Josh Smith had a very typical game for him, showing flashes of dominance, but not showing enough aggressiveness in finishing around the basket, and also getting into foul trouble on a silly foul. It was typical that when he touches the ball in the post he's the difference in UCLA's offense.
It was also typical that Jerime Anderson, who has emerged as a leader on the team and a guy who can make a clutch play, forced a turnover with 5 seconds left in overtime when UCLA was up by only 3 points. It was the play of the game.
It also is a very familiar scenario for this year's team to allow this to be a game with Washington State missing its two best players, Klay Thompson and Reggie Moore. They have consistently played down to their competition, and they did it again Saturday.
Give Washington State and its coach Ken Bone some credit. They did some things on offense that exploited UCLA's defensive weaknesses, and their zone defense forced the Bruins into shooting too many outside jumpers. Bone had the Cougars poised to win a game that, frankly, they had no business winning without Thompson and Moore.

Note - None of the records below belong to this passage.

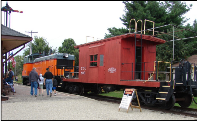
Above; The "Caboose Hop" operated between Nelson Crossing and Camp Creek Yard.
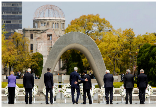
John Kerry and Kishida Fumio at Peace Memorial Park in Hiroshima, 11 April

There are mounting hopes that Barack Obama will use the occasion of the Group of 7 meeting in Japan in May to visit Hiroshima, and become the first American president to do so. It is remarkable that it required a wait of over 60 years until John Kerry became the first high American official to make such a visit, which he termed 'gut-wrenching,' while at the same time purposely refraining from offering any kind of apology to the Japanese people for one of the worse acts of state terror against a defenseless population in all of human history. Let's hope that Obama goes, and displays more remorse than Kerry who at least deserves some credit for paving the way. The contrast between the many pilgrimages of homage by Western leaders, including those of Germany, to Auschwitz and other notorious death camps, and the absence of comparable pilgrimages to Hiroshima and Nagasaki underscores the difference between winning and losing a major war. This contrast cannot be properly accounted for by insisting on a hierarchy of evils that the Holocaust dominates.
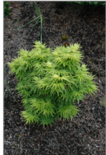
Mikawa Yatsubusa Japanese Maple

Mikawa Yatsubusa Japanese Maple is a fine choice for the yard, but it is also a good selection for planting in outdoor pots and containers. With its upright habit of growth, it is best suited for use as a 'thriller' in the 'spiller-thriller-filler' container combination; plant it near the center of the pot, surrounded by smaller plants and those that spill over the edges. It is even sizeable enough that it can be grown alone in a suitable container. Note that when grown in a container, it may not perform exactly as indicated on the tag - this is to be expected. Also note that when growing plants in outdoor containers and baskets, they may require more frequent waterings than they would in the yard or garden.
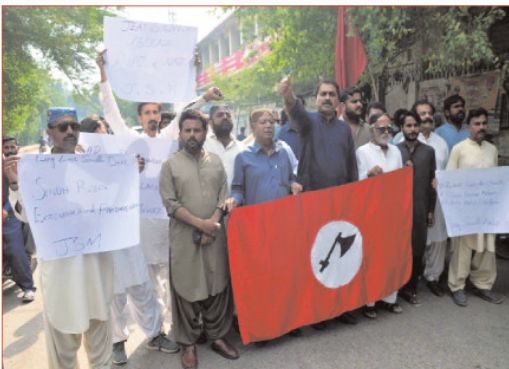
HYDERABAD: Members and leaders of Jeay Sindh Mahaz are holding a protest demonstration for the acceptance of their demands, at the Hyderabad press club.
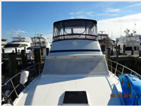
43' Marine Trader foredeck aft
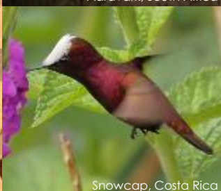
Snowcap, Costa Rica
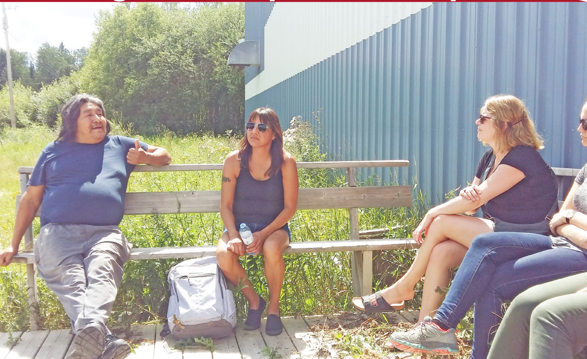
Members of Shoal Lake 40 tell IPS delegates about life on the reserve.
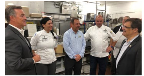
Rep. Gus Bilirakis (R-FL) at the Innisbrook Resort in Palm Harbor, Florida

The fact that this was a game that was so characteristic and indicative of this team's past transgressions was, well, disappointing. Over the last few weeks, with the team's improvement, it was starting to appear that the Bruins were growing and developing beyond their early-season issues. The loss to Washington on Thursday was disappointing, but only because it was a loss and not one due to these same old factors. It is worrisome that for this game, the last of the regular season, and heading into the Pac-10 tournament, the Bruins did fall back into so many of their bad habits.
But, perhaps you have to give these Bruins credit for growing and developing in one aspect: being hindered by their old issues and actually winning the game.